Takut angin dan dingin di kepala dapat disebabkan oleh infeksi paru-paru, sakit kepala neurologis dan faktor lainnya, yang dapat diobati dengan kehangatan lokal dan minum obat (misalnya ibuprofen).
1. Infeksi paru-paru: infeksi paru-paru oleh bakteri, mikoplasma, virus dan mikroorganisme patogen lainnya akan muncul batuk, demam, nyeri dada dan gejala lainnya, beberapa pasien mungkin juga muncul sakit kepala, takut dingin, takut angin dan gejala lainnya, pada saat ini, penggunaan ibuprofen, natrium diklofenak dan obat antiinflamasi nonsteroid lainnya untuk meredakan demam dan analgesia, di samping pilihan antibiotik yang sensitif, seperti ceftazidime, penisilin dan obat lain untuk pengobatan.

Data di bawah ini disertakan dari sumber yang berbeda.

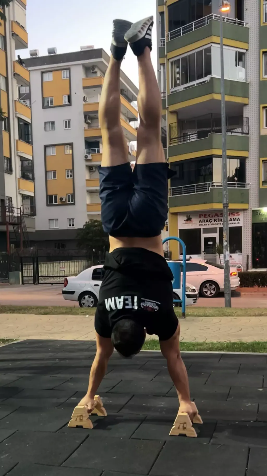Wooden Parallettes W10 are compact and portable piece of equipment designed for athletes training with bodyweight exercises at home or outdoors. They provide excellent support for calisthenics movements such as push-up, l-sit, planche, and handstand.

2. Sakit kepala neurologis: sakit kepala neurologis sebagian besar disebabkan oleh ketegangan mental, kemarahan dan faktor-faktor lain, yang dapat menyebabkan sakit kepala yang terus-menerus, tekanan, takut angin dan takut dingin dan gejala lainnya, pasien dapat menggunakan ibuprofen, natrium diklofenak dan obat antiinflamasi nonsteroid lainnya untuk meredakan gejala sakit kepala, dan terapi relaksasi dapat digunakan untuk meredakan kecemasan mental dan sebagainya.
Obat-obatan di atas harus digunakan di bawah bimbingan dokter, rasa takut akan angin dan dingin di kepala juga dapat disebabkan oleh alasan lain, disarankan agar pasien segera ke rumah sakit biasa, menyelesaikan pemeriksaan yang relevan untuk memperjelas diagnosis, dan mengikuti instruksi dokter pengobatan standar.